##### DATA BLOCK

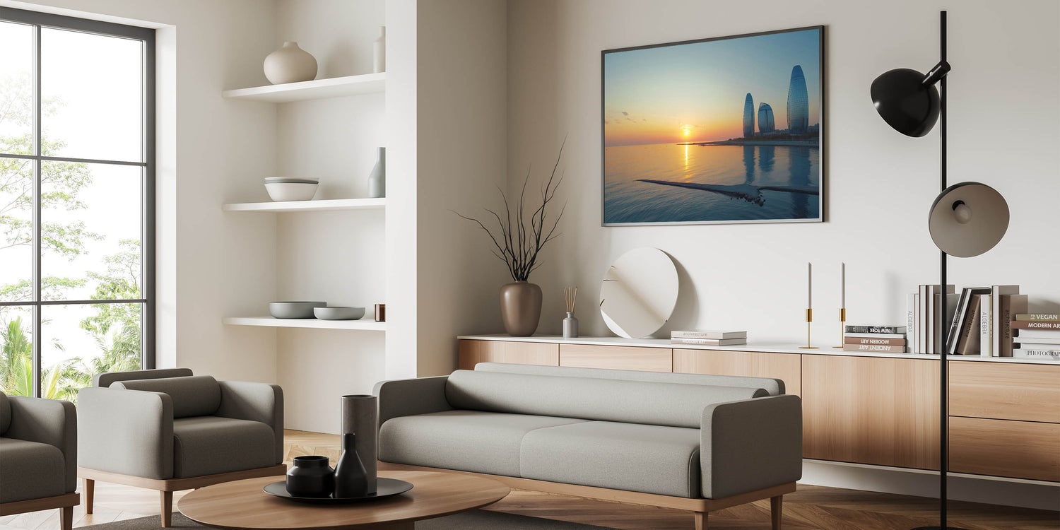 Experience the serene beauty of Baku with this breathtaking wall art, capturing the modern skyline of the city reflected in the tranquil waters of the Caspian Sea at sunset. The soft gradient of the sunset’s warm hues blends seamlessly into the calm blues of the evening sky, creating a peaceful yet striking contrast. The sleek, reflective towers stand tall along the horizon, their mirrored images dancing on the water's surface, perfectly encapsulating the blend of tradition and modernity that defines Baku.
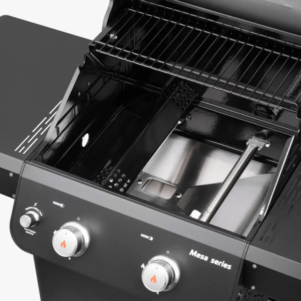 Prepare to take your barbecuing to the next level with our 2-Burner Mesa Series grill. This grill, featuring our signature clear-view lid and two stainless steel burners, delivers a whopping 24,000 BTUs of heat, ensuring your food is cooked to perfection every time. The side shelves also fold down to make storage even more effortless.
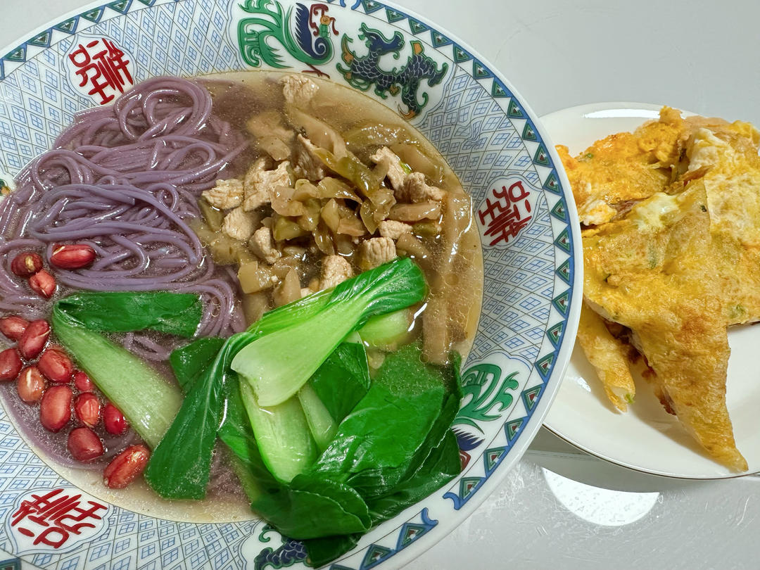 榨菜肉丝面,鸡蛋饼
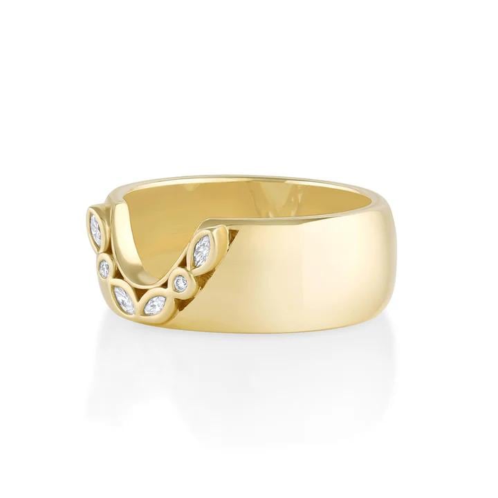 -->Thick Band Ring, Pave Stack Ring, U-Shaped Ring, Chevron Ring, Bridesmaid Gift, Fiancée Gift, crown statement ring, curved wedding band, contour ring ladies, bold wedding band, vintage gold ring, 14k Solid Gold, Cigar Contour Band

##########

» **TASK TO CARRY OUT**
Line by line, output the material above exactly, passing over the pictures.

» **EXERCISE ANSWER**
 Experience the serene beauty of Baku with this breathtaking wall art, capturing the modern skyline of the city reflected in the tranquil waters of the Caspian Sea at sunset. The soft gradient of the sunset’s warm hues blends seamlessly into the calm blues of the evening sky, creating a peaceful yet striking contrast. The sleek, reflective towers stand tall along the horizon, their mirrored images dancing on the water's surface, perfectly encapsulating the blend of tradition and modernity that defines Baku.
 Prepare to take your barbecuing to the next level with our 2-Burner Mesa Series grill. This grill, featuring our signature clear-view lid and two stainless steel burners, delivers a whopping 24,000 BTUs of heat, ensuring your food is cooked to perfection every time. The side shelves also fold down to make storage even more effortless.
 榨菜肉丝面,鸡蛋饼
 -->Thick Band Ring, Pave Stack Ring, U-Shaped Ring, Chevron Ring, Bridesmaid Gift, Fiancée Gift, crown statement ring, curved wedding band, contour ring ladies, bold wedding band, vintage gold ring, 14k Solid Gold, Cigar Contour Band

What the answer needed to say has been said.